Sehen die Situation ganzheitlich

Zum Kommentar „Beschämend“ Herr Wilms versteigt sich in seinem Beitrag, das von mir benutzte Wort Durchgangslager als Nazibegriff zu bezeichnen, um mir damit Fremdenfeindlichkeit zu unterstellen. Dabei bezieht er sich darauf, dass Lager in der NS-Zeit als Durchgangslager bezeichnet wurden, weil von dort Menschen in Konzentrationslager deportiert worden sind.

Ich bin in der Bundesrepublik Deutschland geboren und aufgewachsen und habe in dieser Zeit die Begriffe Durchgangslager und Auffanglager im Zusammenhang mit Flüchtlingserstaufnahmeeinrichtungen (wie sie z.Z. bezeichnet werden) kennengelernt. Als Beispiel seien hier genannt: das Grenzdurchgangslager Friedland, Zentrales Flüchtlingsdurchgangslager Gießen und Flüchtlingsdurchgangslager Uelzen.

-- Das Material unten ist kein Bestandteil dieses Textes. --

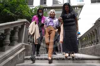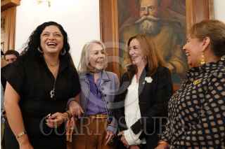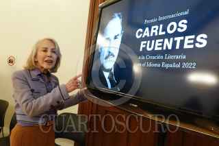 CIUDAD DE MÉXICO, 11MAYO2022.- Alejandra Frausto, secretaria de Cultura; Silvia Lemus, viuda del escritor Carlos Fuentes, y Rosa Beltrán Álvarez coordinadora de Difusión Cultural de la UNAM, encabezaron la conferencia de prensa del Premio Internacional Carlos Fuentes 2022, realizada en el Centro Cultural Los Pinos. FOTO: GRACIELA LÓPEZ /CUARTOSCURO.COM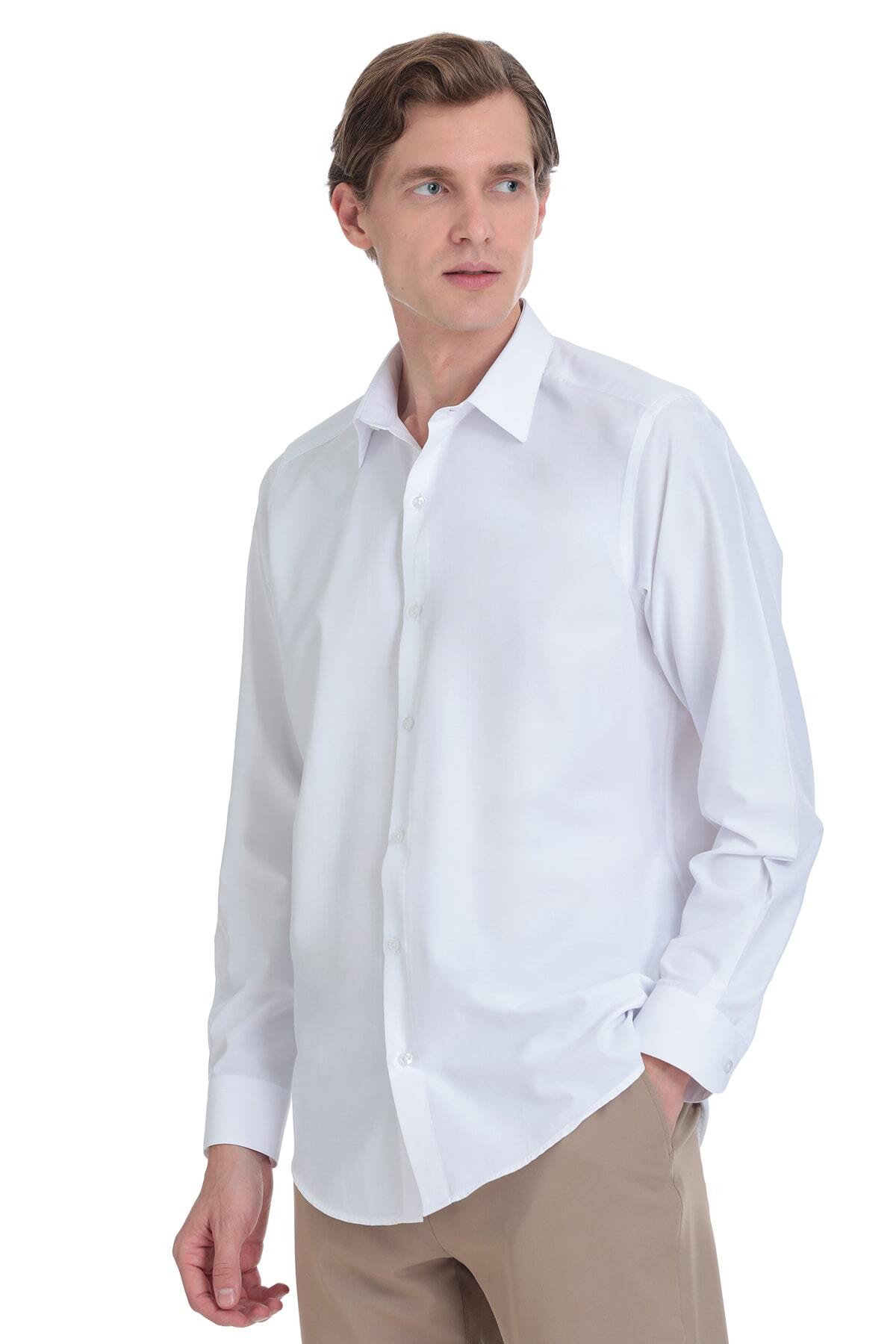 Beyaz Klasik Fit Slim Yaka Pamuklu Uzun Kollu Gömlek - 7

Später wurden sie dann meist in Notaufnahmelager oder Flüchtlingsheime umbenannt und sind heute eben Erstaufnahmeeinrichtungen. Immer wenn ein Begriff sich abgenutzt hat bzw. durch schlimme Ereignisse negativ besetzt ist, wird ein neuer erfunden. Dies führt dazu, dass immer mehr eindeutige Begriffe und Worte nicht mehr gebraucht werden. Ich weise die unsäglichen Vorwürfe von Herrn Wilms ausdrücklich zurück. Seine Interpretation ist nicht die meine und er sollte sich erst einmal informieren, wie viele Gedenkstätten ich auf meinen zahlreichen Reisen mit dem Fahrrad schon besucht habe, bevor er in seinem Kommentar meine Ausdrucksweise als beschämend bezeichnet. Bei seinem belehrenden und herabwürdigenden Kommentar ist es wohl mit ihm „durchgegangen“. Sachlichkeit hilft da.

Beim heutigen Verfahren des Landes NRW verbleiben Flüchtlinge nach Angaben der zuständigen Bezirksregierung Arnsberg für wenige Tage in den Erstaufnahmeeinrichtungen (EAE) und dann für einige Wochen in den Zentralen Unterbringungseinrichtungen (ZUE) des Landes, bevor sie den Kommunen zugewiesen werden.

Für mich ist deshalb eine hergerichtete Schule wie die Sportfeldschule, in der bis zu 200 Personen untergebracht werden, eine Station, die Flüchtlinge kurzzeitig durchlaufen, also ein Gebäude, das als Durchgang im gängigen Flüchtlingsaufnahmeverfahren dient. Durchgangslager ist für mich ein eindeutiger Begriff, den der Redakteur böswillig interpretiert hat, um in seinen weiteren Ausführungen die Grünen in Heiligenhaus und mich als Person zu diskreditieren. Obwohl wir diejenigen sind, die sich in der Vergangenheit eindeutig zum Wohle aller Flüchtlinge, egal warum sie sich zu uns geflüchtet haben, geäußert haben.

Weil wir nicht danach schauen, ob sich durch bestimmte Unterbringungsmaßnahmen Geld zu Lasten von Flüchtlingen sparen bzw. sogar verdienen lässt, sondern danach trachten, dass sie menschengerecht im Sinne unserer eigenen Standards untergebracht werden. Wir betrachten die Situation ganzheitlich.

Was bedeutet, dass die Akzeptanz im Umfeld von Flüchtlingen im Rahmen einer Willkommenskultur aufrecht erhalten werden muss und nicht durch die massive Zentralisierung von Unterkünften an einem bestimmten Ort gefährdet wird. Dazu gehört auch, dass die Verantwortlichen in der Stadtspitze frühzeitig kommunizieren, was sie planen und nicht Kommunalpolitiker und betroffene Bevölkerung vor vollendete Tatsachen stellt.